* **WORK TO BE COMPLETED**: Transcribe only the stretch of lines that opens with the line containing "trips and vacations." and closes with the last line of the listing, skipping pictures.

* **RECORDED DATA**:
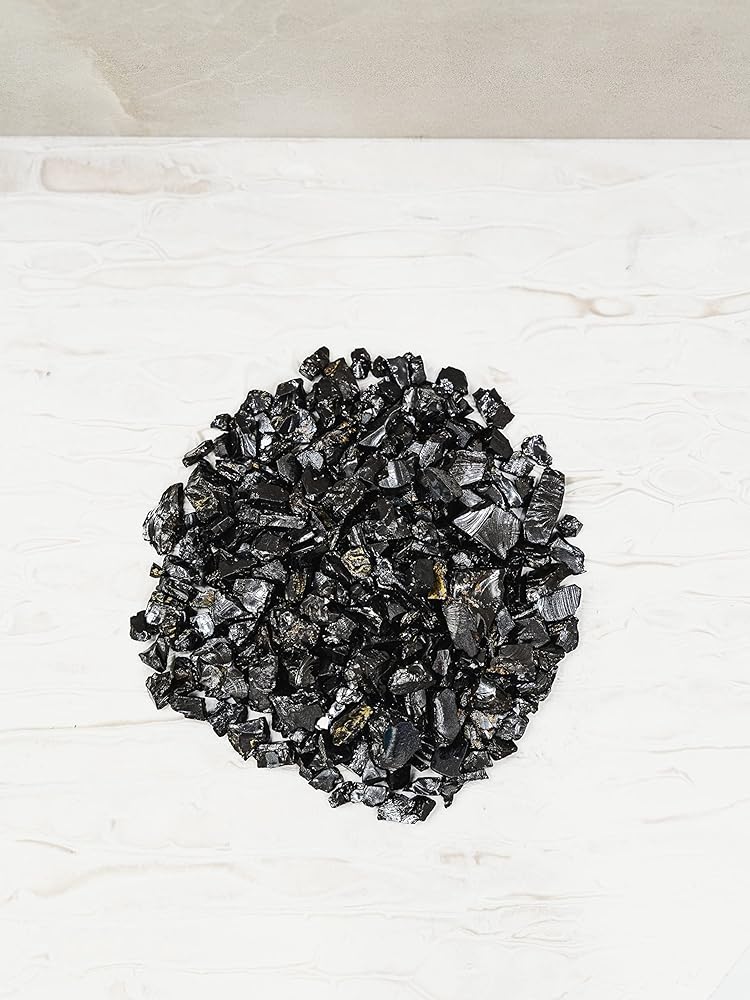 The elite shungite is always used in its raw shape, so the stone sizes and shapes can be different. The weight of one nugget will be from 1 to 5 gr, weight of 1 lot is 100 gr.
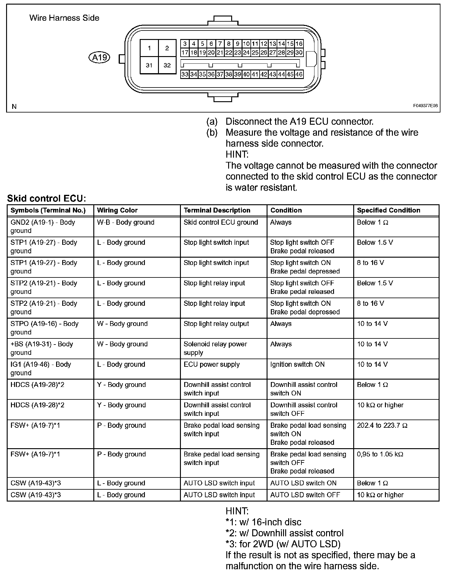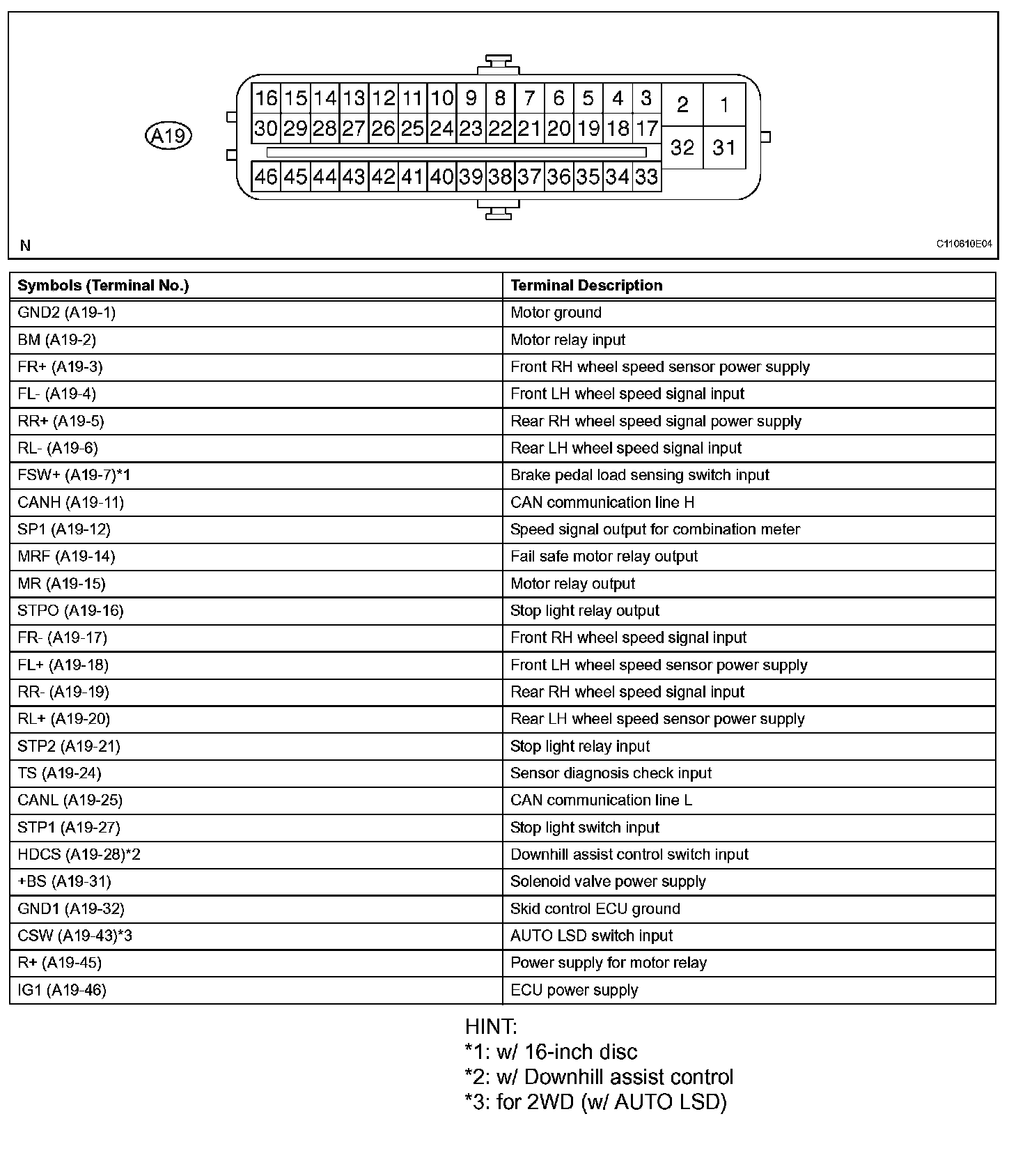 Terminals Of Control Module/Pinouts-Check Skid Control ECU:
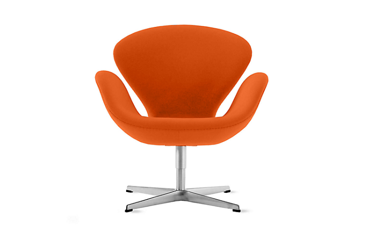 It is possible to make Arne Jacobsen’s Swan Chair any hotter than it already is? Add some atomic orange and yes, yes it is.
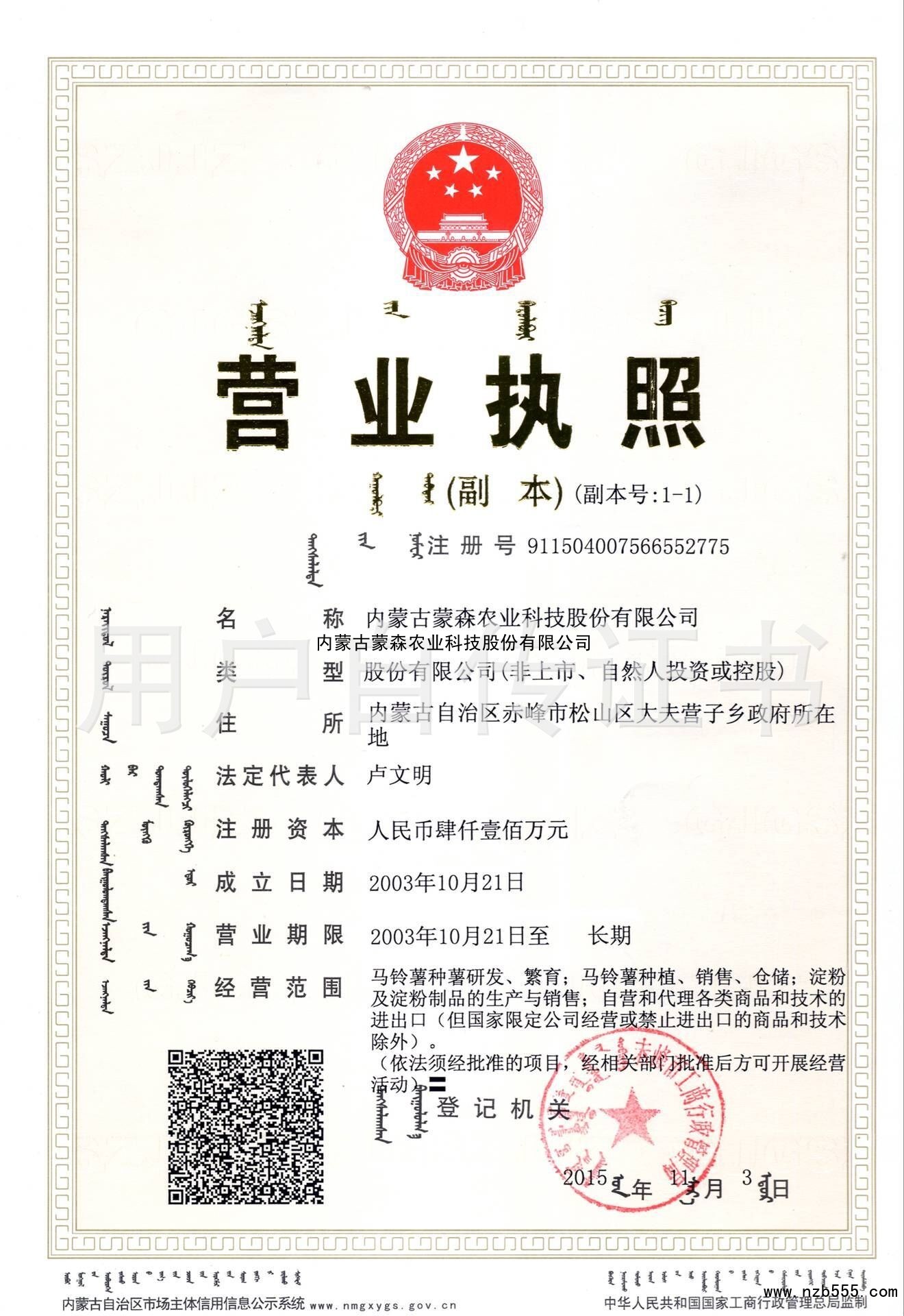 內蒙古蒙森農業科技股份有限公司
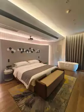 🛏️The room deserves special praise!! Spacious and immaculate, flooded with sunlight for a bright ambiance. The bed's perfect firmness even had this light sleeper resting soundly~ Mini-fridge and projector are super handy, making extended stays as comfy as home! 🆓Free parking, gym, and laundry facilities cater perfectly to both business trips and vacations.
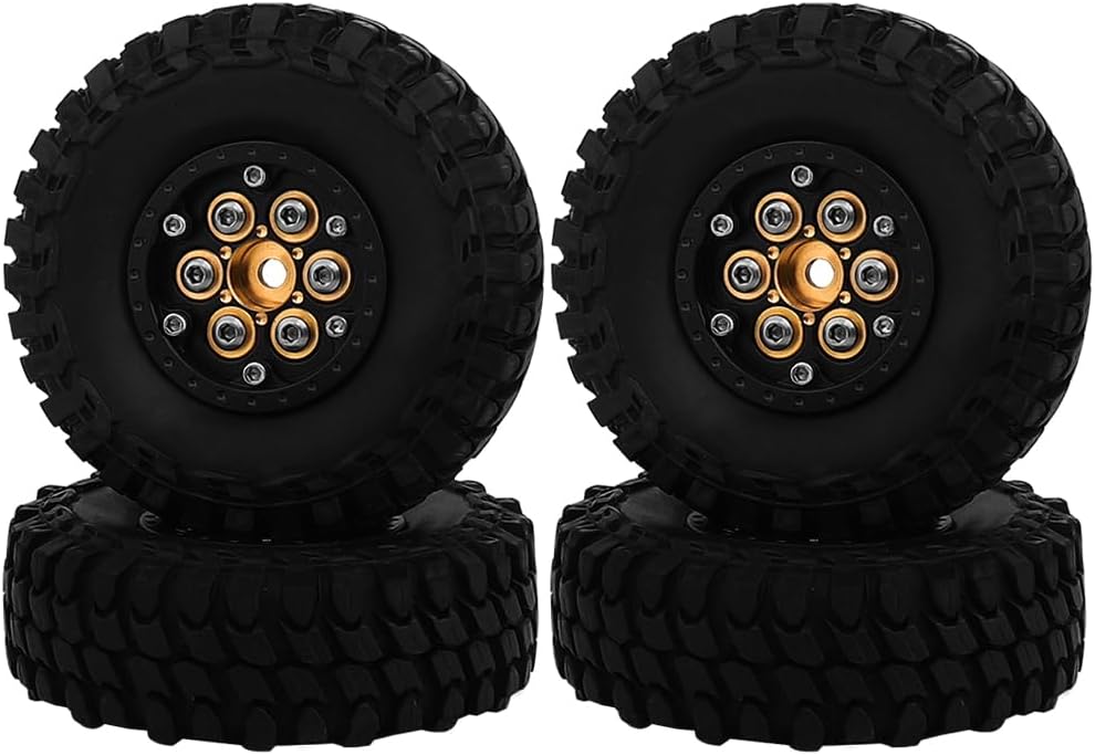 RZXYLRC 1.0 Brass Beadlock Tires Set 4PCS Tires for for 1/18 1/24 RC Crawler Car Axial AX24 SCX24 FMS FCX24 TRX4M Metal Upgrade
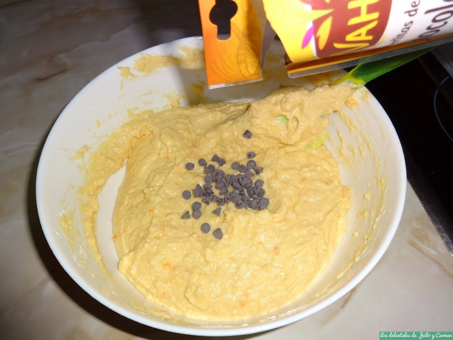 Cuando tengamos la masa preparada, echamos los chips de chocolate y removemos un par de veces para que se distribuyan. Otra opción era unir los chips de chocolate a los elementos secos descrito en el punto 1.

* **FINISHED EXERCISE**:
 🛏️The room deserves special praise!! Spacious and immaculate, flooded with sunlight for a bright ambiance. The bed's perfect firmness even had this light sleeper resting soundly~ Mini-fridge and projector are super handy, making extended stays as comfy as home! 🆓Free parking, gym, and laundry facilities cater perfectly to both business trips and vacations.
 RZXYLRC 1.0 Brass Beadlock Tires Set 4PCS Tires for for 1/18 1/24 RC Crawler Car Axial AX24 SCX24 FMS FCX24 TRX4M Metal Upgrade
 Cuando tengamos la masa preparada, echamos los chips de chocolate y removemos un par de veces para que se distribuyan. Otra opción era unir los chips de chocolate a los elementos secos descrito en el punto 1.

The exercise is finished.